Congress passed the Consolidated Omnibus Budget Reconciliation Act that has health benefit provisions since 1986. This law amends Employee Retirement Income Security Act, Public Health Service Act and Internal Revenue Code. The goal of COBRA is to continue health coverage for groups that must be terminated otherwise.

COBRA has provisions giving former retirees, employees, dependent children and former spouses the right for temporary continuation of coverage on health insurance plans in terms of group rates. However, the coverage can only be made available when this is lost because of specific needs. The Group health plan coverage for participants in COBRA is more expensive than the health coverage of employees who are currently active. Usually, it is the employer that pays the portion of the premium for the employees who are currently working while the COBRA participants pay the full premium themselves. Surprisingly, it is less expensive than the usual health policies.

Employers who have 20 or more individuals in their company are required to provide COBRA coverage for them. It is also their responsibility to notify the employees that this coverage is available. COBRA also applies to the health plans that have been maintained by the employers in the private sector as well as those that are sponsored by local governments and most state.

Who are entitled to COBRA benefits?

There are three qualifications for COBRA benefits. In fact, COBRA has already established specific and clear data for the policy plans, qualifying events and qualified beneficiaries.

Plan Coverage: Employers who have 20 employees under their wing for more than half of the typical business days in the year before are required to be under COBRA. Both the part time and full-time employees are included in the tally of determining whether the health plan is more suitable for COBRA> Every part-time employee is a fraction of the other employee, therefore what one gets is equal to what the others guest, if they share the same number of rendered hours. The calculation is the hours that part time employee rendered divided by hours that the employee will work if he will be rendering full time hours in the future.

Qualified Beneficiaries: To be considered as a qualified beneficiary, the individual must be covered by a health plan for groups on the very day before an even that is considered to be qualifying by either the employee, the spouse of the employee or the dependent child of the employee. There are cases wherein the retired employee or the spouse of retired employee and dependent children of retired employee are also qualified beneficiaries. Aside from this, a child that was born or placed through adoption with an employee who is covered during COBRA coverage is also regarded as a beneficiary that is qualified. Independent contractors, agents and directors who are part of the health care for groups can also be eligible beneficiaries.

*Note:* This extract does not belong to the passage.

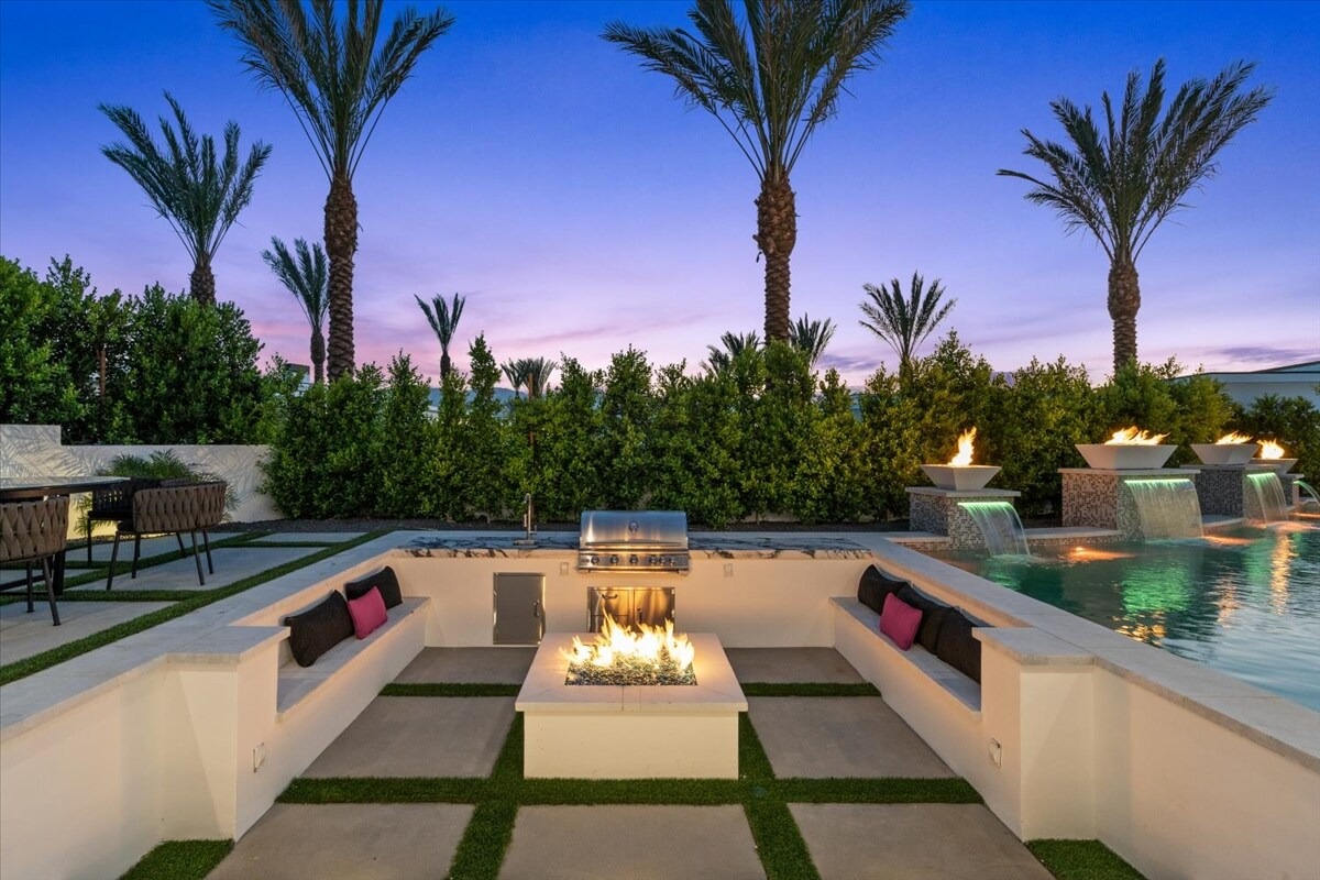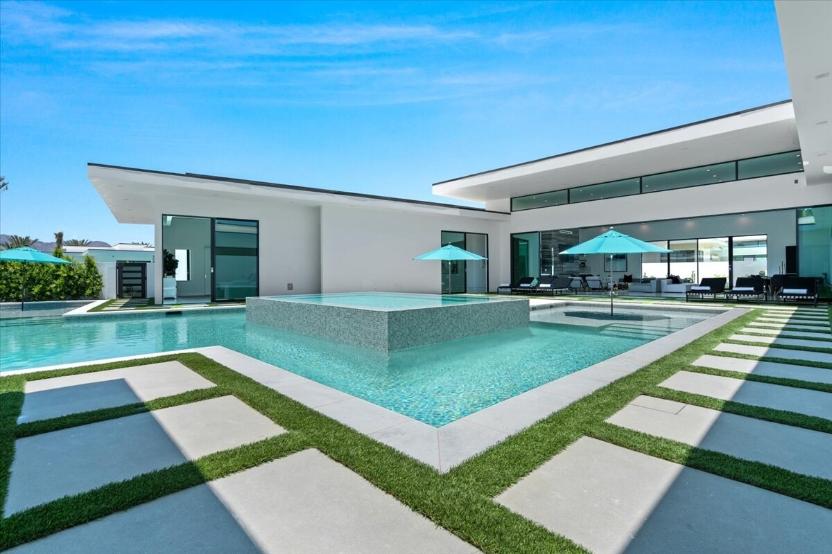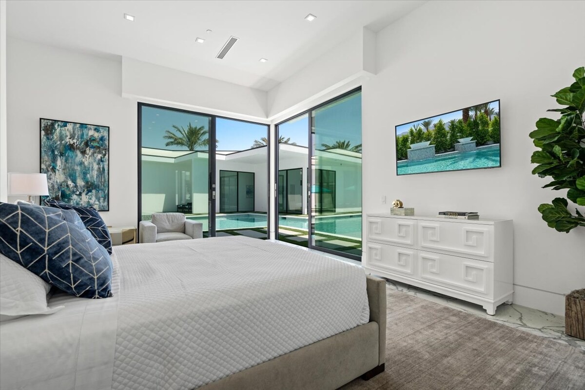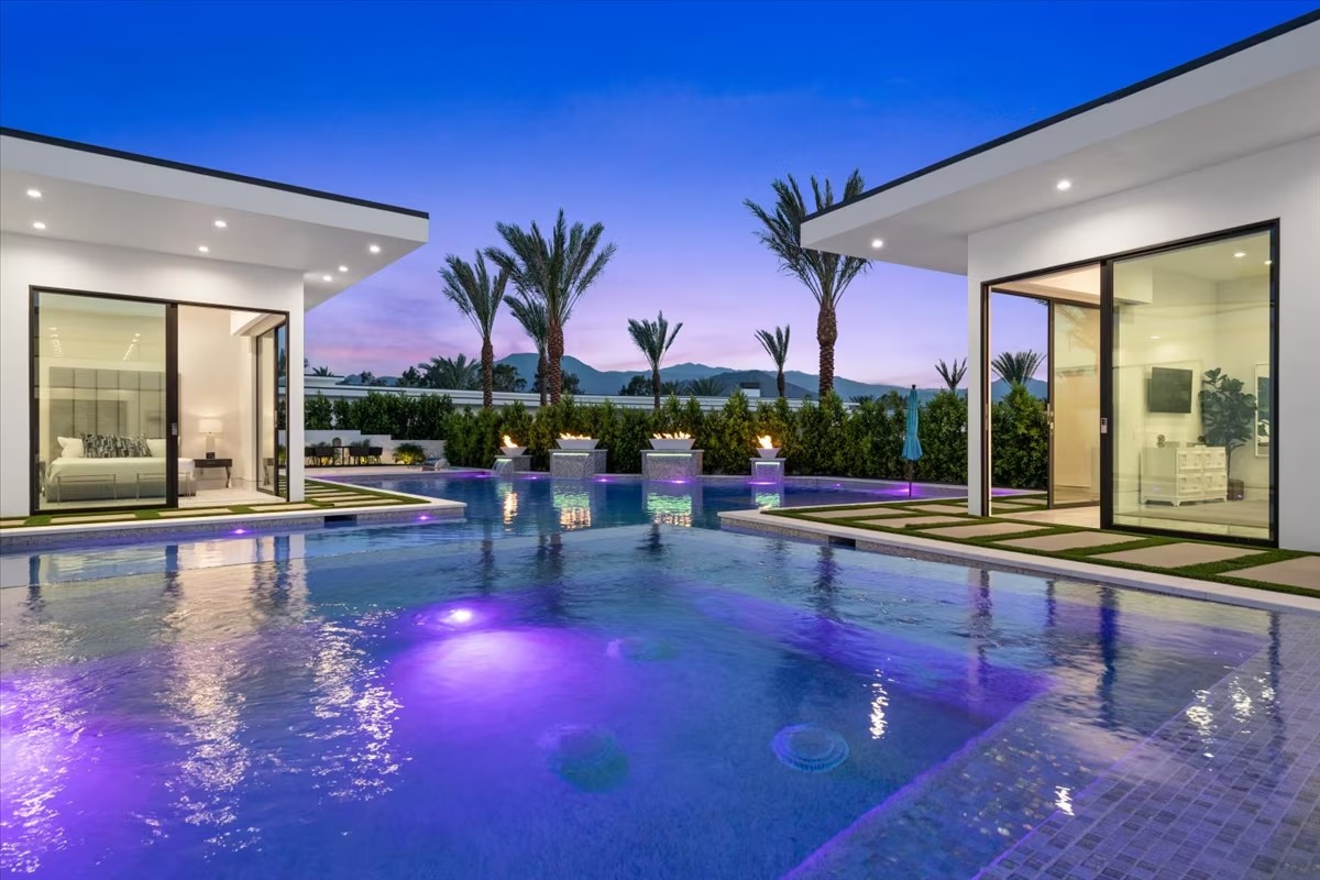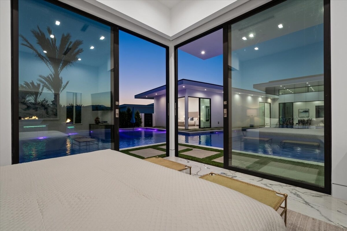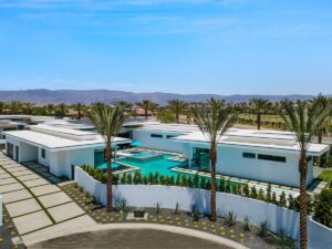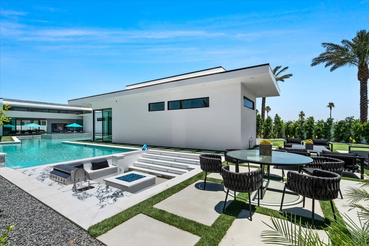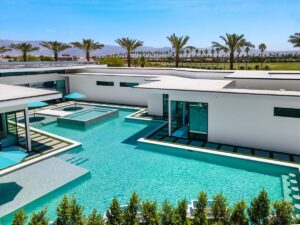 “Outdoor Music Allowed”. Welcome to this ultra-exclusive vacation rental , where this one-of-a-kind residence will exceed all of your expectations while embracing you, your family and your friends with the finest modern architecture and appointments available. Completely unprecedented in the world of short-term-rental properties, the gated community showcases a limited edition of 16 extraordinary residences of uncompromising luxury in a unique village-style enclave all located right across the street from the elegant Madison Club, and just minutes from restaurants and shopping. A massive pool with plenty of features such as very large tanning selves perfect for kids or to lie down in the sun, fire bowls, and LED waterfalls. Chic contemporary style with walls of glass and slideaway Fleetwood doors, oversized great room with 16′ ceilings, 12′ ceilings in other living areas and bedrooms, gorgeous floor tiles imported from Spain, and stunning open kitchens with European cabinetry and top-of-the-line Miele appliances. Every bedroom is a suite, complete with a private bath and large closet. Primary suites elevate personal luxury to new heights, with outdoor access, walk-in multi-head showers, freestanding tubs, and oversized walk-in closets with Italian-made custom built-ins. Enjoy the beauty of modern lighting, contemporary artwork, chic furnishings, Grohe plumbing fixtures and pivoting glass entry doors. Landscaping is impeccable and upscale, and select residences feature putting greens, fire bowls and fountains. Enviable location right next to the private communities of The Madison Club, The Citrus Club and Hideaway Golf Club makes it easy for guests to walk or bike to concerts, shops and restaurants. The Indian Wells Tennis Garden, high-end shopping on El Paseo, abundant recreation, and Palm Springs International Airport are all within easy reach. The ultimate luxury vacation awaits! Book your unforgettable stay today!
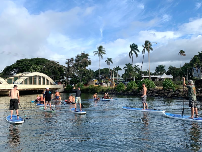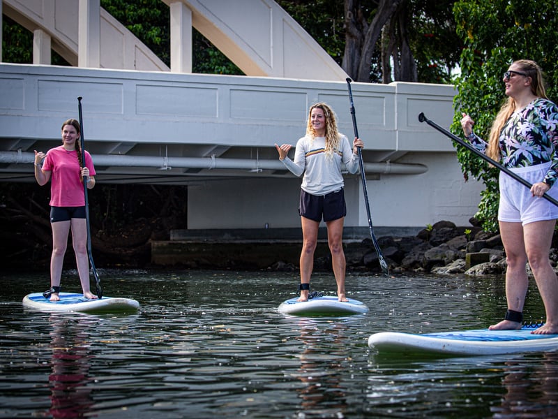 Rainbow Watersports has clearly figured out the formula for a memorable North Shore adventure. The operation runs paddle board and kayak tours along the calm Anahulu River near Rainbow Bridge in Haleiwa, making it an ideal spot for first-timers and families with kids. What keeps people raving is the friendly, low-key vibe from start to finish. Riley and Megan get mentioned by name for being genuinely helpful guides who take photos, give clear instructions, and make everyone feel comfortable on the water. The communication is spot-on too, with texts confirming details and quick responses to questions. They'll meet you right at the beach with equipment, and pickup is just as seamless. The real highlight seems to be spotting sea turtles paddling up the river, especially during the glow paddle sessions at sunset and into the evening. Multiple groups talk about seeing these turtles migrating between the ocean and river, which apparently happens daily as they head back to their sleeping spots. The calm, wave-free water makes this genuinely beginner-friendly, and families appreciate how safe and relaxed the whole experience feels. One traveler did lose a GoPro in the murky water, so secure your gear well. But overall, this consistently ranks as one of people's favorite activities during their Oahu trips, whether it's a casual two-hour rental or a guided tour. The fact that large groups of ten can be accommodated just as smoothly as couples speaks to how well-organized this outfit is.

Qualifying Events: As mentioned earlier, these are events that cause the employee to lose or discontinue his health coverage plan This kind of qualifying event can also determine who among them will be qualified beneficiaries as well as the time duration that the plan will be offered to cover them through COBRA. The plan, using its discretion, can also provide a longer period of coverage that will continue for a long time.

These are qualifying events specifically for employees:

  • Voluntary termination as well as involuntary termination of the individual’s employment due to reasons aside from gross misconduct.
  • Reducing the total hours of the individual’s employment.

These are qualifying events specifically for the spouses of the employees:

  • Voluntary termination as well as involuntary termination of the individual’s employment due to reasons aside from gross misconduct
  • Reducing the total hours that are worked by the employee who is covered by the plan
  • The individual who is covered by COBRA is entitled to get Medicare
  • The legal separation or divorce of the individual who is covered
  • The death of the individual who is covered

Qualifying events for the dependent children of the individuals who are covered are similar to that of the spouse but has this addition:

  • Losing the status of being a dependent child as listed in the rules of the specific plan.

 What are the Benefits Covered Under Cobra?

 The qualified individuals and beneficiaries must also receive a coverage that is similar and available to those who are situated in the same beneficiary as those not receiving the coverage of COBRA. In general, this is the similar coverage that an eligible beneficiary has as immediately as possible before he or she has qualified for a coverage that continues. If there is a change in benefits due to the specifics of the plan for an employee who is currently working, this will still apply to the beneficiaries who qualify. Qualified beneficiaries can also make similar choices that are offered to the individuals who are not under COBRA, like periods of enrollment in the plan in an open setting.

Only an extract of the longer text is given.